The issue of which digital assets are securities under U.S. federal law—a designation that creates a series of obligations that include registering with the SEC—has long been a source of confusion and frustration for the crypto industry. While the SEC has issued statements that suggest that it does not consider Bitcoin and Ethereum to be securities, many other tokens fall in a grey area. The SEC has yet to create a process to quickly identify a token’s legal status.
Sen. Pat Toomey (R-Pa) appeared to channel the the crypto industry’s frustration during the hearing, telling Gensler, “I’m concerned the SEC hasn’t provided a sufficient definition as to how it would apply the Howey test”—a reference to a Supreme Court case that set out four criteria to identify if an investment was a security.

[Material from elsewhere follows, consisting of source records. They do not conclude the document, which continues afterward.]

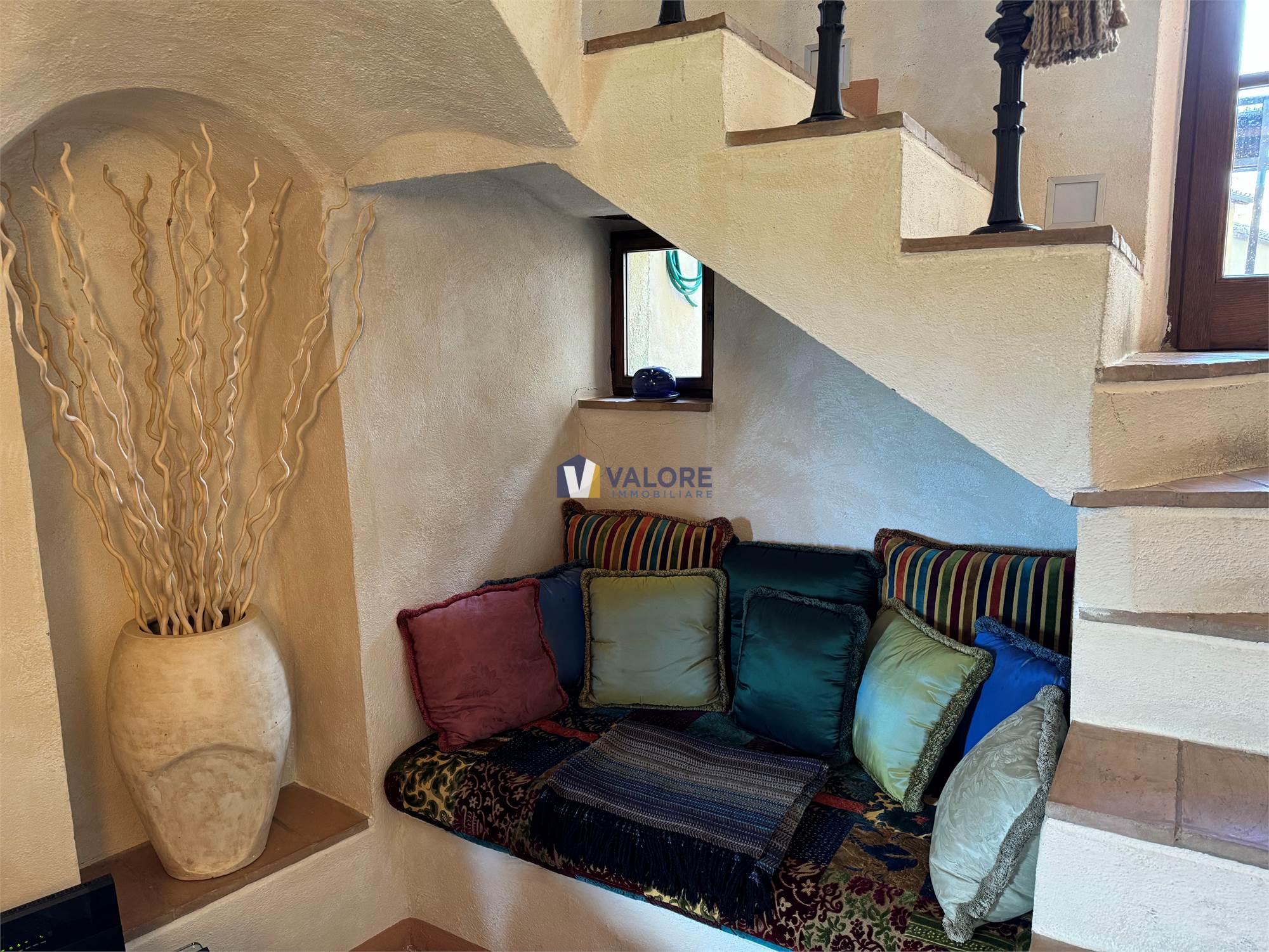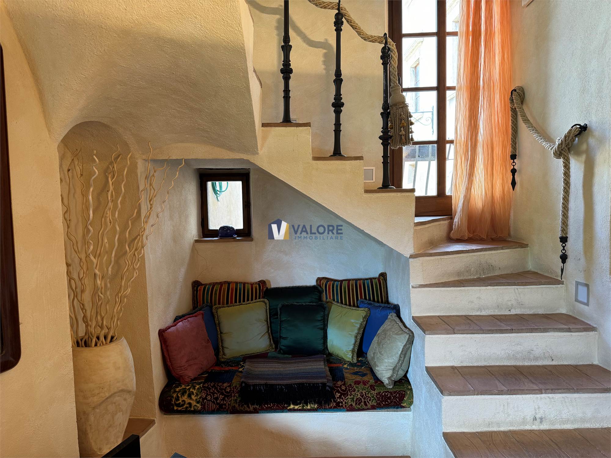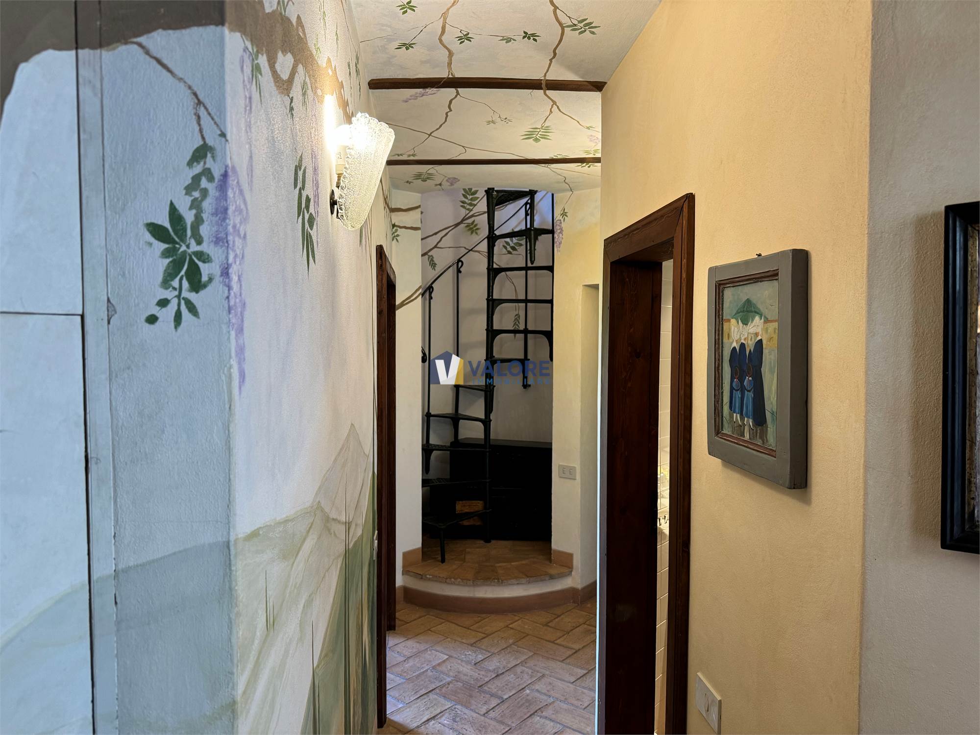 Gli ambienti principali (il salone e la zona notte) sono dotati di impianto di aria condizionata. Ogni spazio è rifinito con materiali scelti con passione: cotto, legno, ferro battuto, travi a vista e decorazioni pittoriche uniche contribuiscono a creare un’atmosfera autentica e raffinata.
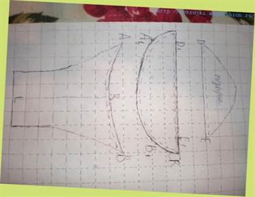 - Соединяем точки К и В полукругом – это горловина к которой позже будет прикреплен воротник (если он нужен).
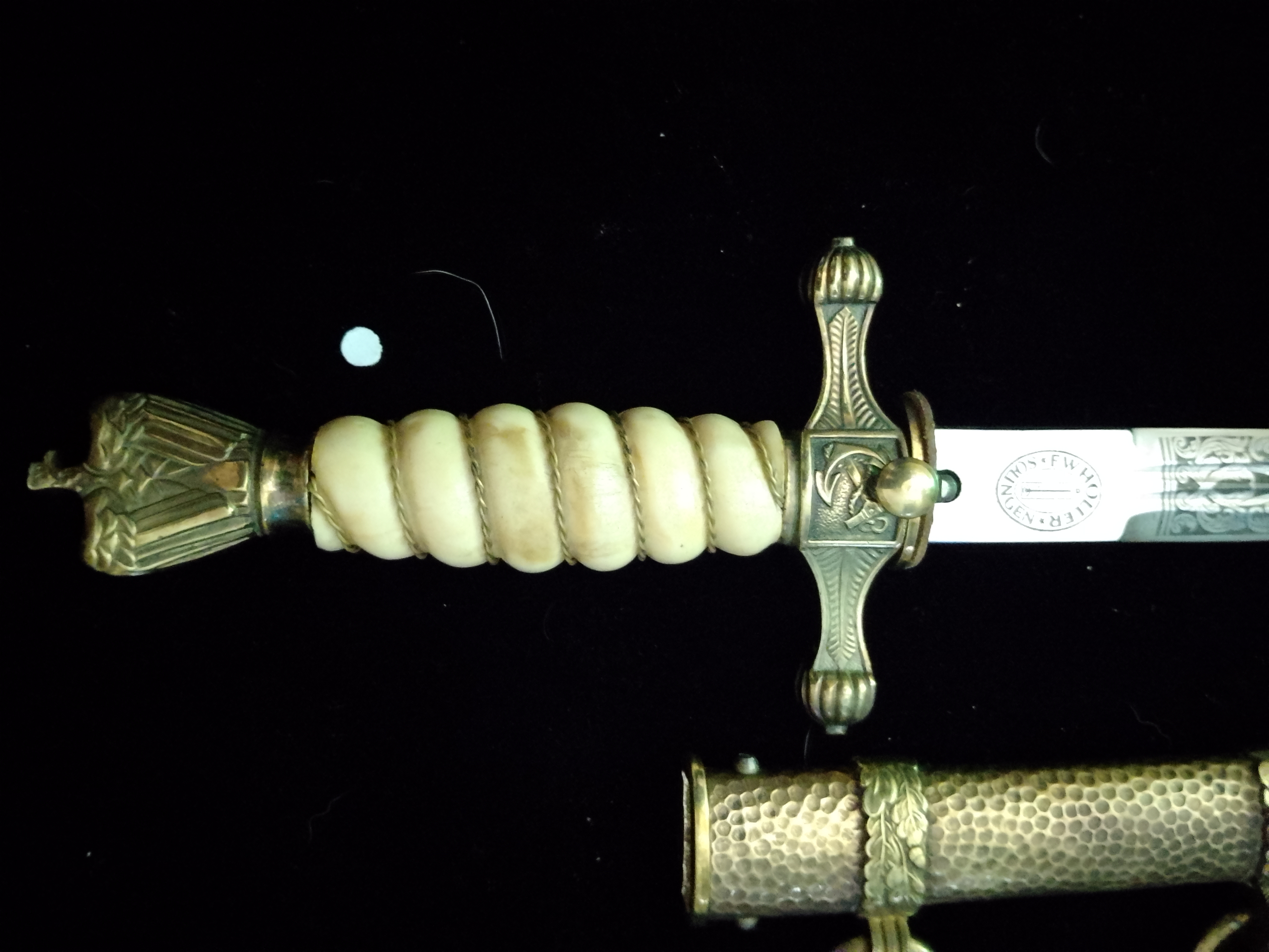 Marine Dolch der Firma Höller Solingen mit gehämmerter Scheide.
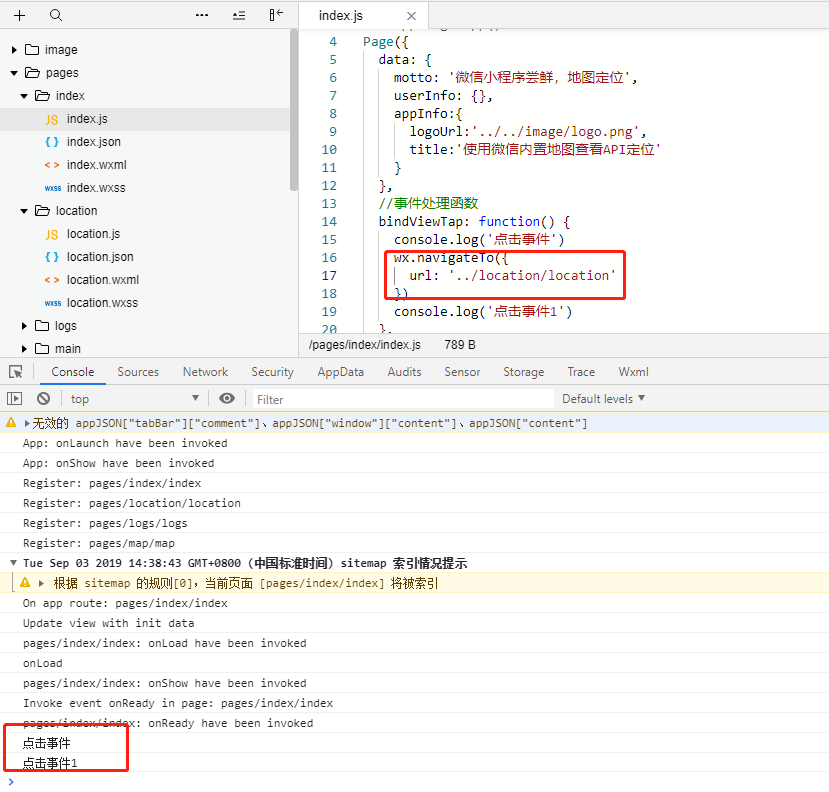 navigateTo,redirectTo只能打开非 tabBar 页面。switchTab只能打开 tabBar 页面。reLaunch可以打开任意页面。首先确定是page页还是tabar ,page url需要写成/page/location/location, tabar的话 你要wx.switchTab /page/location/location
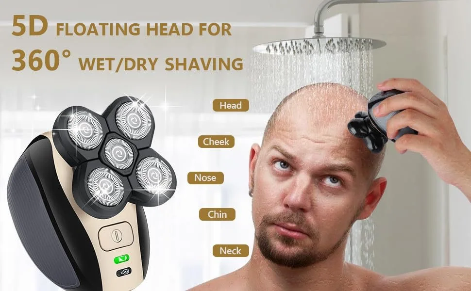 [Wet Dry Shave & Easy Cleaning] IPX6 Waterproof technology allows you to shave wet with gel or foam for extra skin protection or dry for convenience. Idea gift for your father,husband or boyfriend,especially suitable for the person who like to shave their heads.
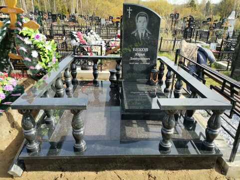 Гранитная ограда на кладбище изготовлена из карельского гранита темного цвета. По всей площади захоронения уложена гранитная плитка, что создает презентабельный вид и упрощает уход за участком.
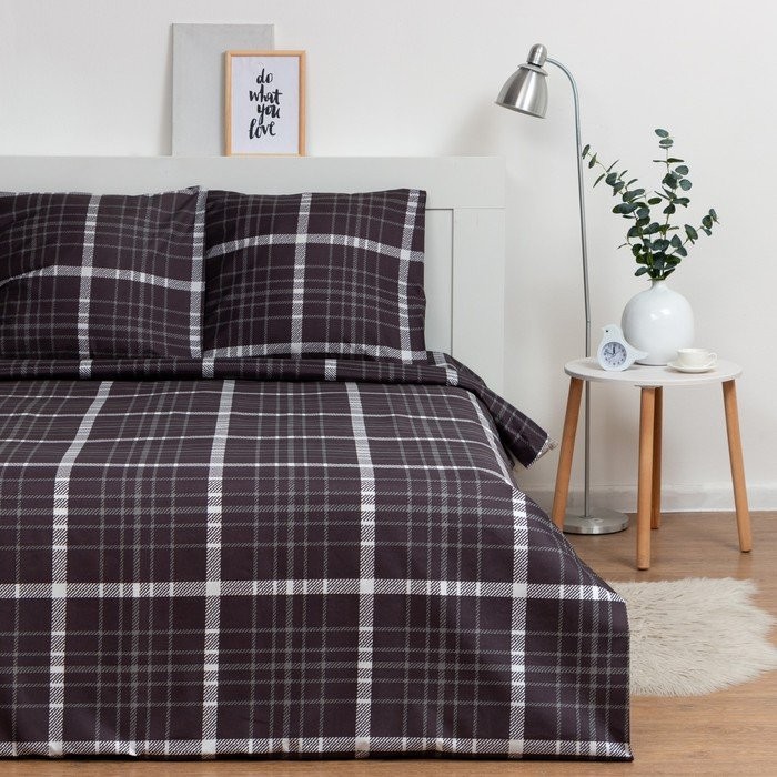 Постельное белье 2-х спальное «Клетка» 175×215, 200×215, 70×70−2 шт, сатин
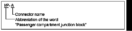 A junction block identification symbol consists of a wiring harness location classification symbol corresponding to a wiring harness location and number corresponding to the connector in the junction block.
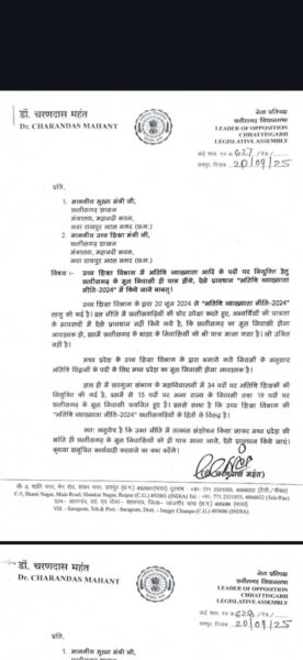 रायपुर । छत्तीसगढ़ विधानसभा नेता प्रतिपक्ष डॉ. चरणदास महंत ने उच्च शिक्षा विभाग में गैर छत्तीसगढ़ियों की नियुक्ति एवं स्थानीय छत्तीसगढ़ियों की अपेक्षा को लेकर प्रदेश के मुख्यमंत्री विष्णुदेव साय को पत्र लिखा है।
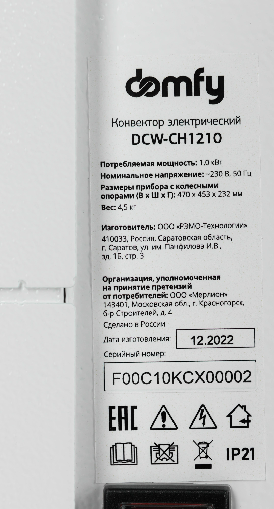Электрический конвектор Domfy DCW-CH1210 мощностью 1000 Вт сохранит и поддержит комфортную температуру в доме в любую погоду. Тепловой прибор при грамотном размещении равномерно отапливает помещение площадью до 15 кв. м.
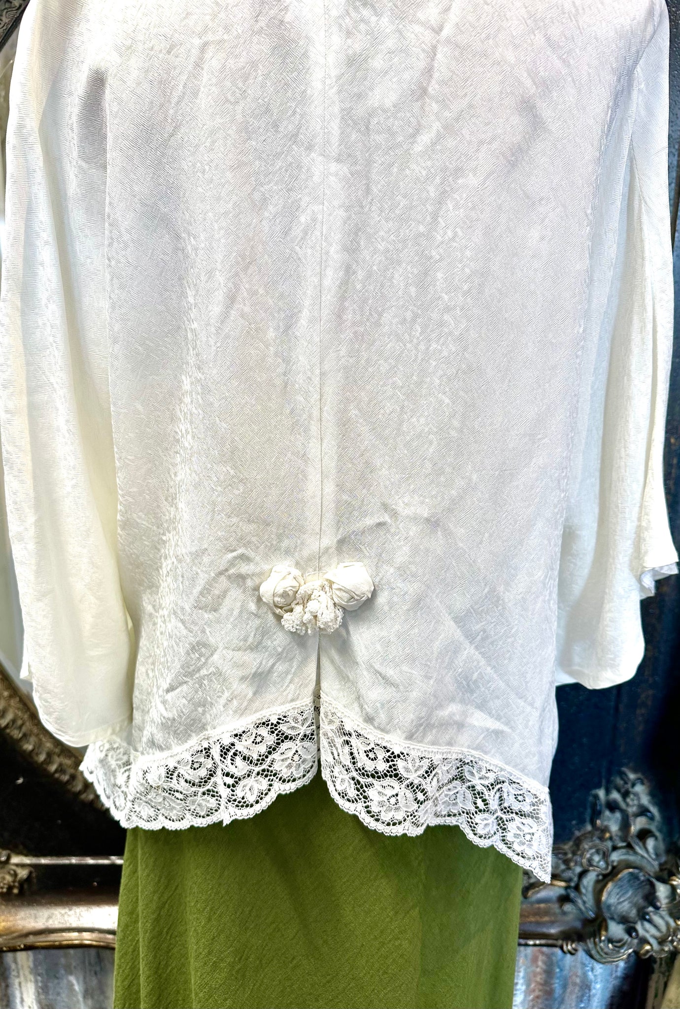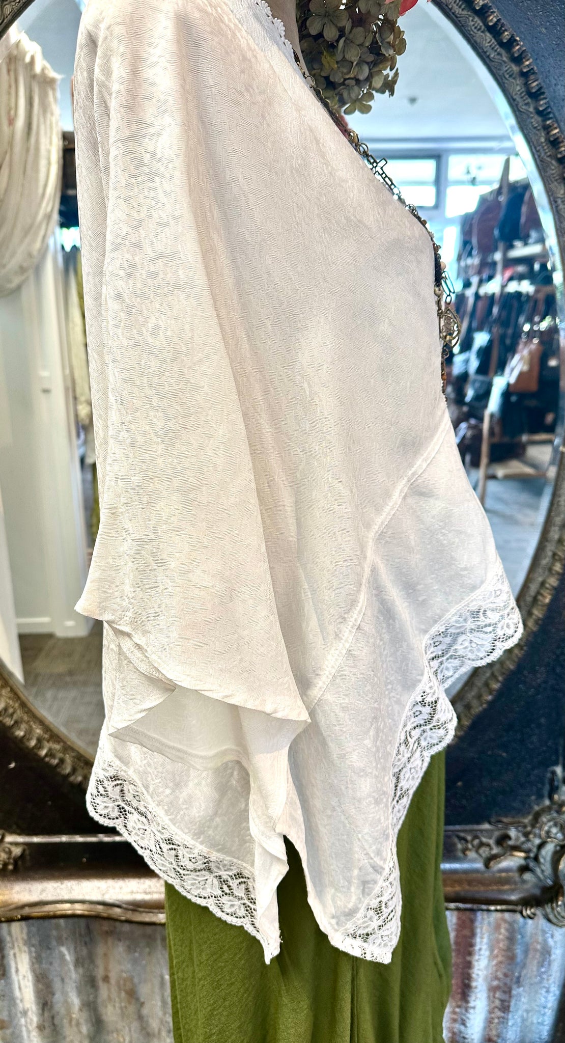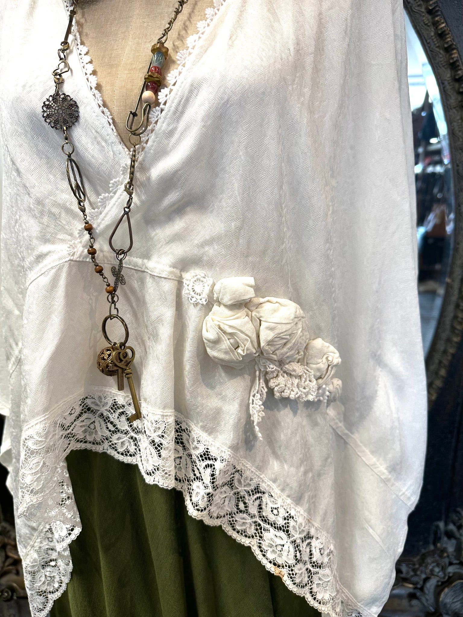 #5787 Enter the CROSSOVER! Welcome the new season with this roses inspired top to dress up or down.. Delicate roses on the bodice and lace edging give this vintage inspired top a unique take on the classic crossover.

Toomey also pressed Gensler over how stablecoins could be considered a security since one prong of the Howey test requires there to be a “likely expectation of profit”—something that stablecoins do not provide. In response, Gensler demurred and noted that Congress had given the SEC broad scope to define securities.
It’s not immediately clear what Gensler’s remarks on Tuesday mean for Coinbase. The company has added over a hundred digital assets to its platform in the last few years, but has only removed one. The exchange delisted XRP after the SEC sued the cryptocurrency’s creator, Ripple, for allegedly violating securities laws last year and illegally raising over $1.2 billion in XRP sales. (The case is expected to go before a judge in the coming months).
If the SEC concludes that dozens of Coinbase’s offerings are indeed securities, the company would likely have to delist them and could face a series of fines and investigations. Such a development would amount to a devastating blow for the broader crypto industry, since Coinbase is arguably regarded as the most mainstream crypto firm and has long billed itself as eager to operate within the law.
Gensler bearish on crypto
While Tuesday’s hearing touched on a range of other issues, including cyber-security and Robinhood’s business model, crypto was the topic most frequently raised by the Senators in attendance.
Sen. Cynthia Lummis (R-Wy), whose home state of Wyoming has passed laws to attract crypto companies, repeated Toomey’s concerns about a lack of clear rules for the sector, and asked if Gensler was in favor of responsible financial innovation.
Gensler responded that he is strongly in favor of innovation, and that the SEC has encouraged newer companies to engage with the agency. “I’ve said ‘come in’ whether it’s in crypto or elsewhere,” he added.
Overall, however, Gensler’s tone was bearish when it came to cryptocurrency. He appeared sympathetic to Warren, who blasted the industry for high fees associated with trading and other transactions and failing to live up to its promise of financial inclusion. Gensler told Warren that the Commission needed more resources to police the industry.
“There are 6,000 projects and while some are commodities, many are securities under the law,” he said. “Right now there are many individuals in this country who’ve been hurt … There will be more [harm] since this crypto area is trying to stay outside the investor protection perimeter.”
Other crypto skeptics at the hearing included Mark Warner (D-Va), a foreign affairs specialist, who warned of crypto’s potential to skirt anti-money laundering laws and remarked, “Some of the things I see from intel side scare the dickens out of me.”
Warner did acknowledge the crypto industry’s capacity to mobilize its supporters, citing a recent dispute in Congress over the definition of brokers, and noting “for a group that says they’re unorganized, I’ve never seen a group that’s got as many publication as the crypto community already has.”
All of this suggests that Tuesday’s hearing and the ongoing clash between the SEC and Coinbase is likely to be a protracted battle as the regulator and Congress attempt to create rules to oversee the fast-growing crypto industry.